Required action - Below are some records. Quote exactly the lines from the one that contains "綿陽(yáng)新聞網(wǎ" through the last, both included, and leave out the pictures.

(Dataset entries)
== Segment start ==

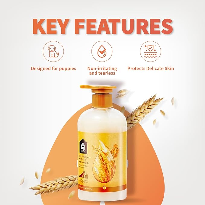 - Natural Plant-Based Ingredients – Enriched with nourishing ingredients such as Matricaria Flower Extract, Triticum Vulgare (Wheat) Germ Oil, oatmeal, and honey, this dog shampoo provides gentle cleansing and hydration. It effectively relieves itchiness and supports healthy skin and coat for your puppy or kitten. It is free of parabens, and other harmful chemicals, making it gentle and non-irritating, perfect for puppies and dogs with sensitive skin. Give your pet the most natural care with confidence.
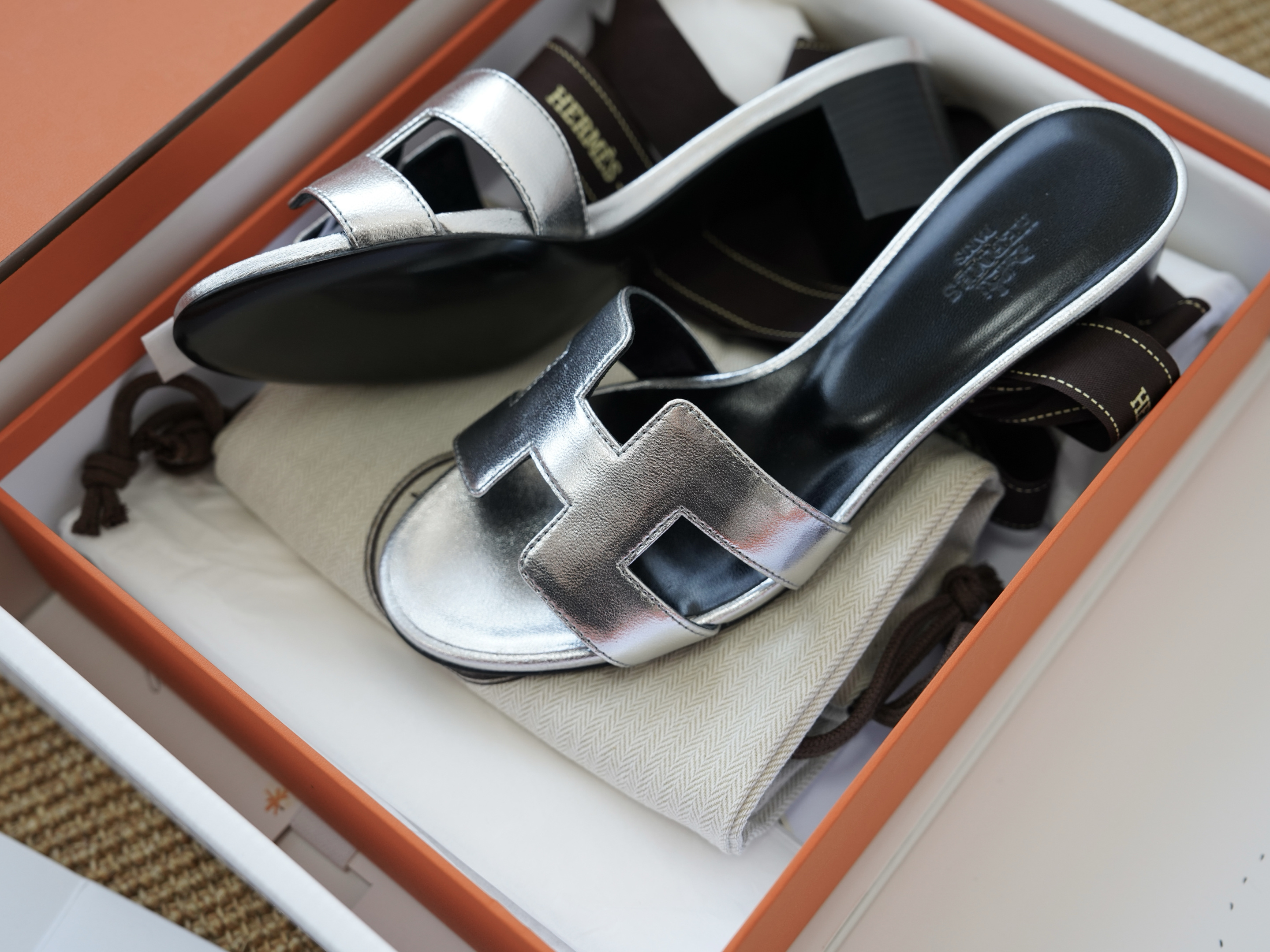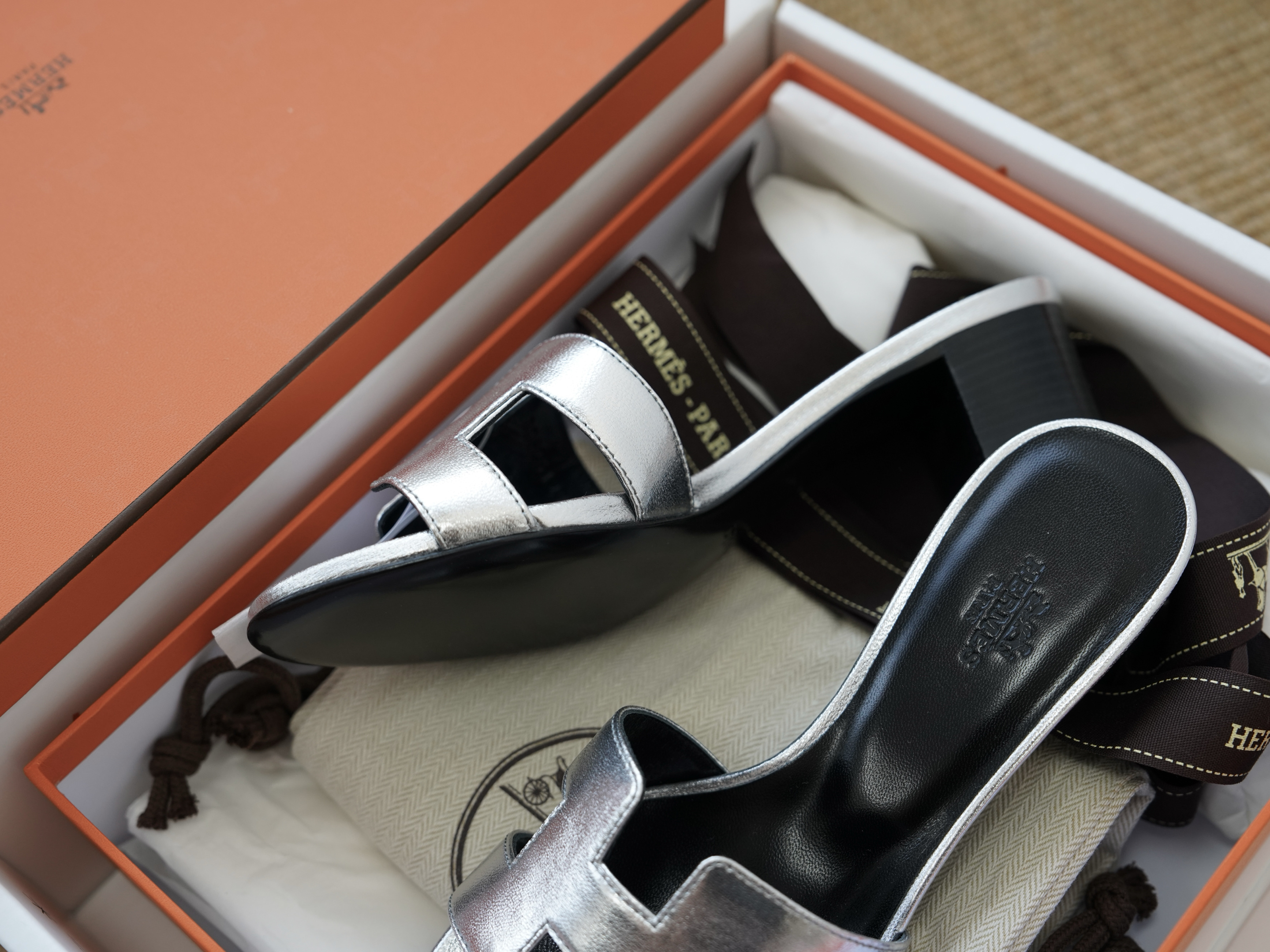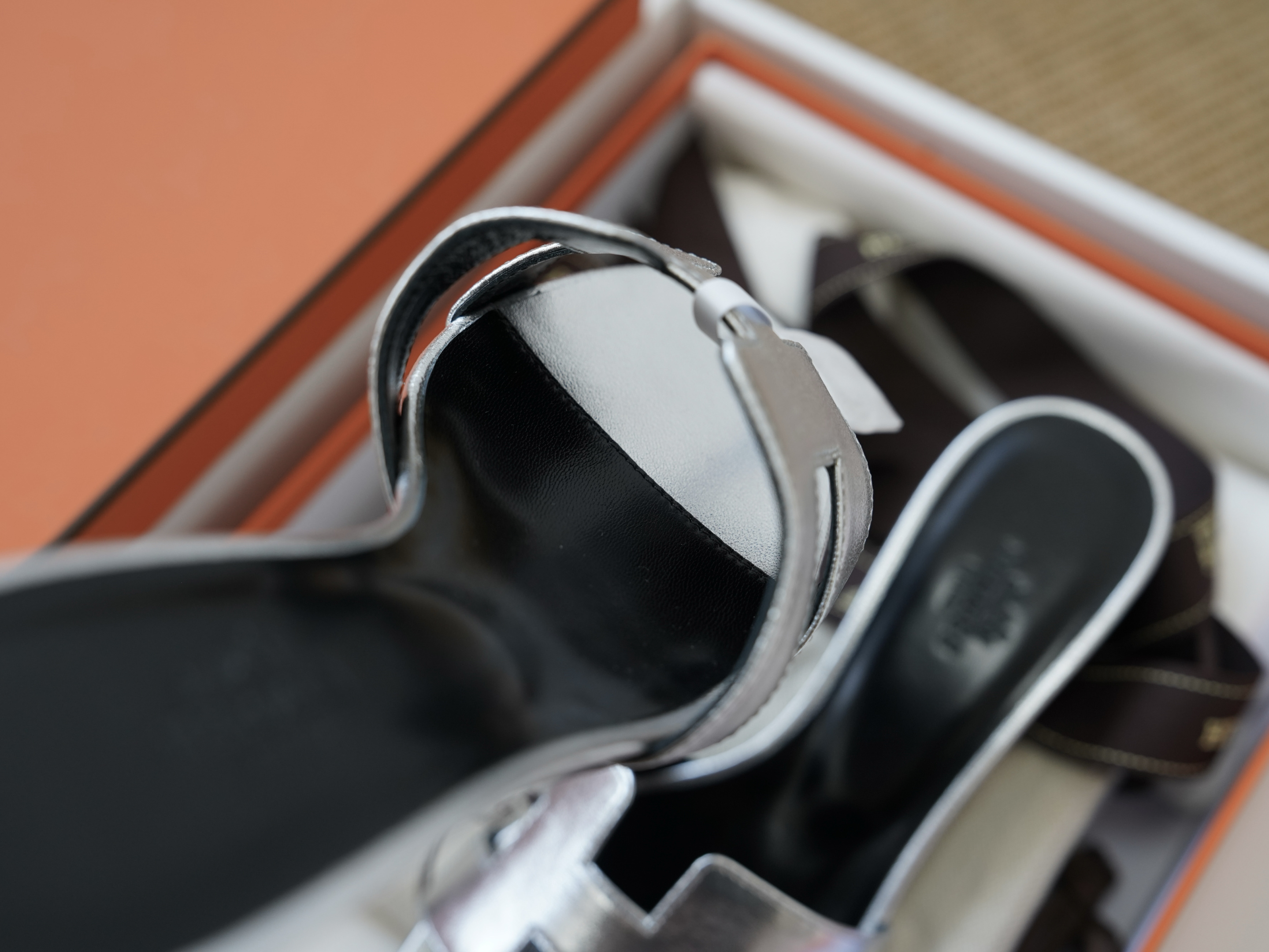 Эти элегантные шлепанцы представлены также в металлическом серебристом цвете, который идеально дополняет любой гардероб.
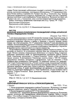 Оперативный приказ № 18 по 26-й стрелковой дивизии. г. Барнаул. 7 мая 1920 г., 19 час // РГВА. Ф. 1317. Оп. 2. Д. 152. Л. 9. Машинописная копия.
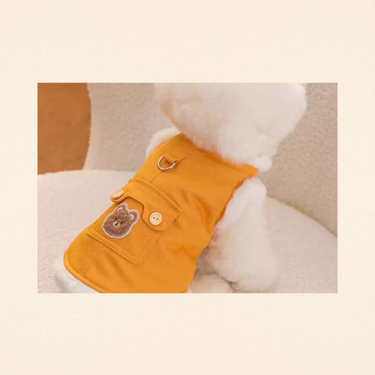 【わんのいえ】犬服 秋冬ペット服 ドッグウェア おしゃれ かわいい ペットカジュアル 小型犬 抜け毛対策 寒さ対策 ウェア ベスト トップス 防寒 黄色 Dカン 着
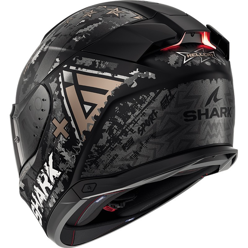El Shark Skwal i3 Hellcat Mate es el primer casco integral de moto inteligente con luces de posición LED y luces de freno activas de serie y cuenta con la homologación ECE 22-06.
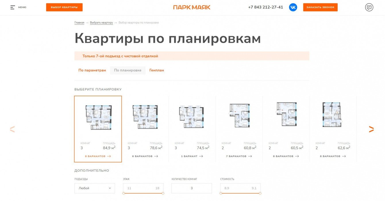 1. По параметрам. В фильтре можно выбрать подъезд, этаж, количество комнат, площадь, стоимость — и появятся релевантные запросу квартиры.
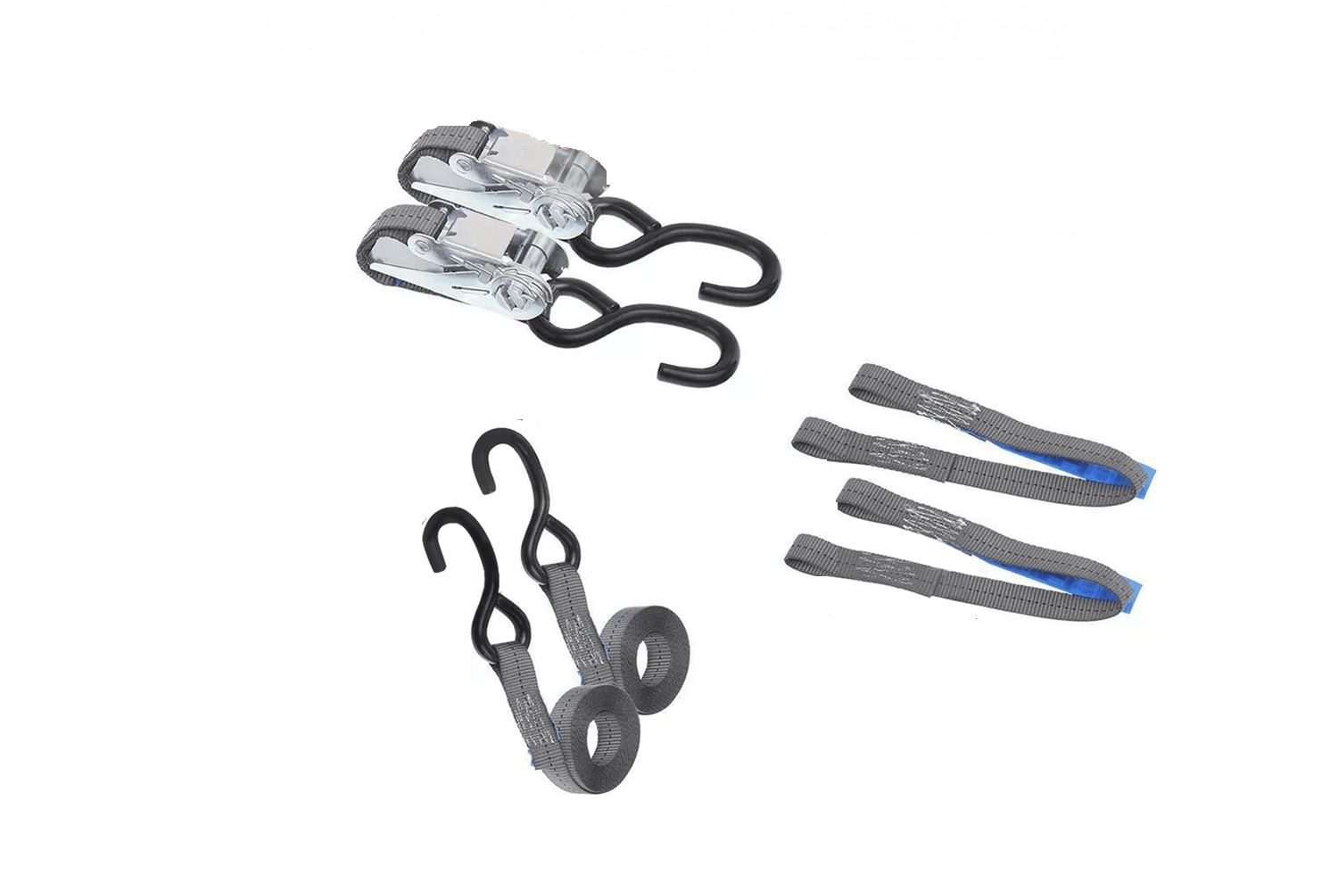 - Ein Set aus zwei Gurten und zwei Gurten zur Sicherung eines HILLS -Motorrads mit einer Tragfähigkeit von 1 Tonne. Die Gesamtlänge der Gurte mit Ratschen beträgt 3 Meter, die Gurte sind 0,45 Meter lang.
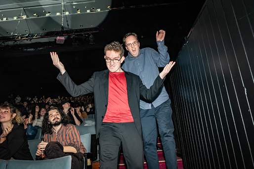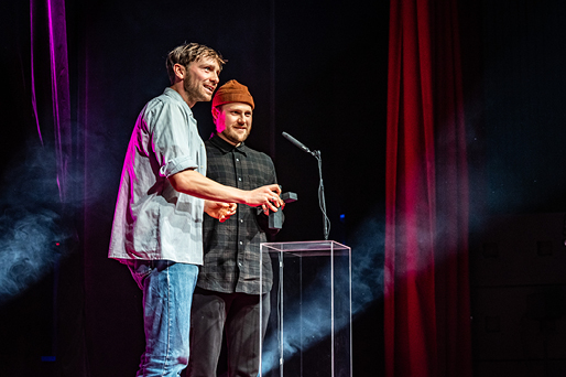 Skuespilleren Sebastian Sørensen og instruktøren Viktor Gelbek fejrer, at de har vundet Publikum Prisen med SoMe-komedien Krazykalle.
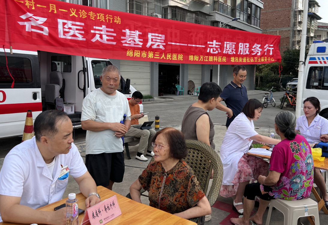 綿陽(yáng)新聞網(wǎng)訊 為確保通過(guò)定期、常態(tài)化的義診服務(wù),切實(shí)解決農(nóng)村群眾“看病難”問(wèn)題,提升基層健康保障水平。9月15日上午,綿陽(yáng)經(jīng)開(kāi)區(qū)塘汛街道社區(qū)衛(wèi)生服務(wù)中心聯(lián)合綿陽(yáng)市第三人民醫(yī)院、綿陽(yáng)市萬(wàn)江眼科醫(yī)院組成的7人義診小隊(duì)走進(jìn)塘汛街道三河社區(qū),開(kāi)展了“一村一月一義診”及“十百千天府健康壩壩講”系列健康知識(shí)傳播活動(dòng)。
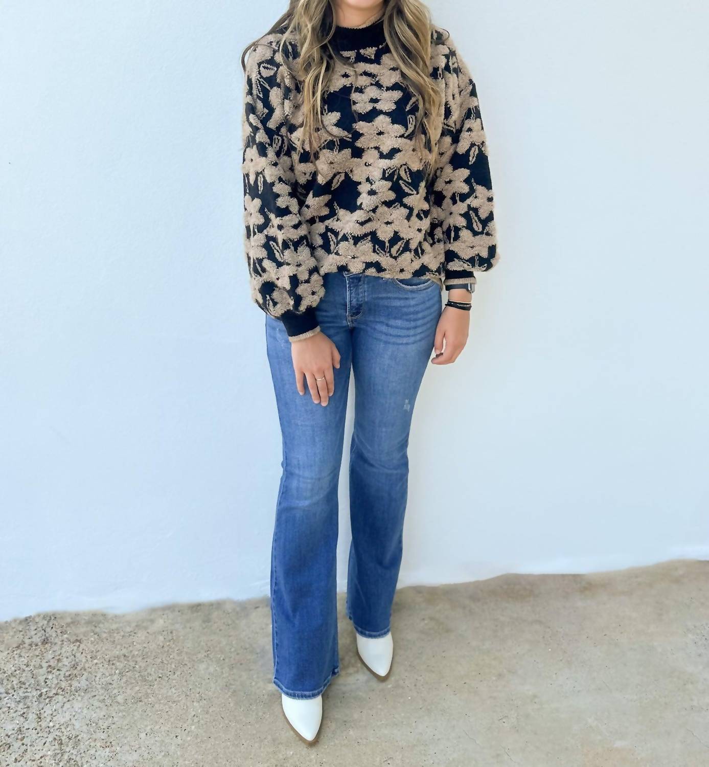Elevate your style with the "One Of Your Girls Floral Sweater" by Entro, a chic piece ideal for cooler days. This knit sweater top showcases a stunning floral jacquard pattern and features long, billowy sleeves for added drama. Crafted from a blend of 45% Acrylic, 30% Polyester, and 25% Nylon, this midweight sweater offers both comfort and durability. Model is 5'10" and wearing a size Small.

== Segment end ==

Final answer -
 綿陽(yáng)新聞網(wǎng)訊 為確保通過(guò)定期、常態(tài)化的義診服務(wù),切實(shí)解決農(nóng)村群眾“看病難”問(wèn)題,提升基層健康保障水平。9月15日上午,綿陽(yáng)經(jīng)開(kāi)區(qū)塘汛街道社區(qū)衛(wèi)生服務(wù)中心聯(lián)合綿陽(yáng)市第三人民醫(yī)院、綿陽(yáng)市萬(wàn)江眼科醫(yī)院組成的7人義診小隊(duì)走進(jìn)塘汛街道三河社區(qū),開(kāi)展了“一村一月一義診”及“十百千天府健康壩壩講”系列健康知識(shí)傳播活動(dòng)。
Elevate your style with the "One Of Your Girls Floral Sweater" by Entro, a chic piece ideal for cooler days. This knit sweater top showcases a stunning floral jacquard pattern and features long, billowy sleeves for added drama. Crafted from a blend of 45% Acrylic, 30% Polyester, and 25% Nylon, this midweight sweater offers both comfort and durability. Model is 5'10" and wearing a size Small.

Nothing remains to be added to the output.